Movie Recommendation System based on Item based Collaborative Filtering
By:

Vaishnavi Gupta (N019)
Khushi Vora (N078)
Shubham Nagar (C023)
Navin Sada (C054)
A Recommendation System is a filtration program whose prime goal is to predict the “rating” or “preference” of a user towards a domain-specific item or item.

There are mainly three types of recommendation systems:

1) Content based recommendation system: The algorithm recommends products that are similar to the ones that a user has liked in the past. This similarity (generally cosine similarity) is computed from the data we have about the items as well as the user’s past preferences. For example, if a user likes movies such as ‘The Prestige’ then we can recommend him the movies of ‘Christian Bale’ or movies with the genre ‘Thriller’ or maybe even movies directed by ‘Christopher Nolan’.So what happens here the recommendation system checks the past preferences of the user and find the film “The Prestige”, then tries to find similar movies to that using the information available in the database such as the lead actors, the director, genre of the film, production house, etc and based on this information find movies similar to “The Prestige”.

2) Collaborative recommendation system: This filtration strategy is based on the combination of the user’s behavior and comparing and contrasting that with other users’ behavior in the database. The history of all users plays an important role in this algorithm. The main difference between content-based filtering and collaborative filtering that in the latter, the interaction of all users with the items influences the recommendation algorithm while for content-based filtering only the concerned user’s data is taken into account. There are multiple ways to implement collaborative filtering but the main concept to be grasped is that in collaborative filtering multiple user’s data influences the outcome of the recommendation. and doesn’t depend on only one user’s data for modeling.
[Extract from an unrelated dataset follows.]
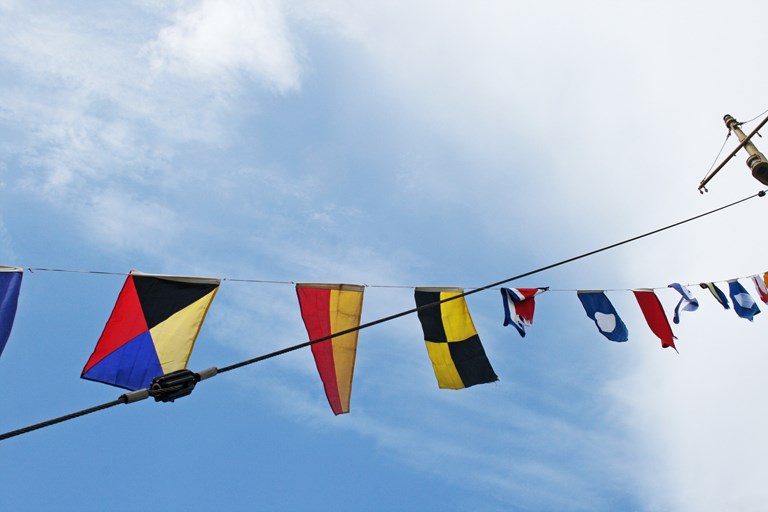 In 1818 the flag was changed again to feature a white and red horizontal bicolour with coat of arms in the centre and a blue square with white five-pointed cross in the left hand corner. The coat of arms was removed in 1934 and is still flown today. The flag can be displayed either horizontally or vertically.

Collaborative filtering is further classified into 2 categories:

a) User based Collaborative filtering: The basic idea here is to find users that have similar past preference patterns as the user ‘A’ has had and then recommending him or her items liked by those similar users which ‘A’ has not encountered yet. This is achieved by making a matrix of items each user has rated/viewed/liked/clicked depending upon the task at hand, and then computing the similarity score between the users and finally recommending items that the concerned user isn’t aware of but users similar to him/her are and liked it.

For example, if the user ‘A’ likes ‘Batman Begins’, ‘Justice League’ and ‘The Avengers’ while the user ‘B’ likes ‘Batman Begins’, ‘Justice League’ and ‘Thor’ then they have similar interests because we know that these movies belong to the super-hero genre. So, there is a high probability that the user ‘A’ would like ‘Thor’ and the user ‘B’ would like The Avengers’.
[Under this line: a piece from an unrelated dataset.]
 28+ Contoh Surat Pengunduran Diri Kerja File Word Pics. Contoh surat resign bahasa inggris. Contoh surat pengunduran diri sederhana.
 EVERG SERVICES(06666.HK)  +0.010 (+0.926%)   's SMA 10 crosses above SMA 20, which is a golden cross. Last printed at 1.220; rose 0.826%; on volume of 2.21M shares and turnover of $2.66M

b) Item based collaborative filtering: The concept in this case is to find similar movies instead of similar users and then recommending similar movies to that ‘A’ has had in his/her past preferences. This is executed by finding every pair of items that were rated/viewed/liked/clicked by the same user, then measuring the similarity of those rated/viewed/liked/clicked across all user who rated/viewed/liked/clicked both, and finally recommending them based on similarity scores.
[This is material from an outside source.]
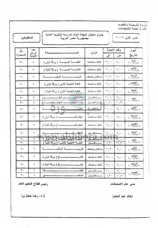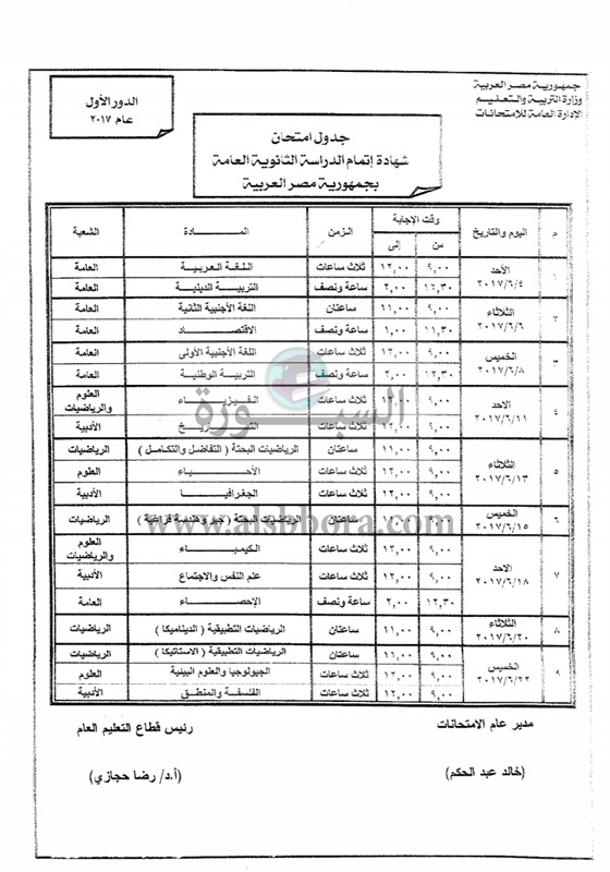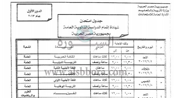 جدير بالذكر أن امتحان الدور الأول لشهادة إتمام الدراسة الثانوية العامة للعام الدراسي الحالي سوف يبدأ بمشيئة الله – تعالى- اعتبارًا من يوم الأحد الموافق 4/6/2017 ويستمر حتى يوم الخميس الموافق 22/6/2017، علمًا بأنه جارٍ رفع الجدول النهائي على الموقع الرسمي للوزارة

Here, for example, we take 2 movies ‘A’ and ‘B’ and check their ratings by all users who have rated both the movies and based on the similarity of these ratings, and based on this rating similarity by users who have rated both we find similar movies. So if most common users have rated ‘A’ and ‘B’ both similarly and it is highly probable that ‘A’ and ‘B’ are similar, therefore if someone has watched and liked ‘A’ they should be recommended ‘B’ and vice versa.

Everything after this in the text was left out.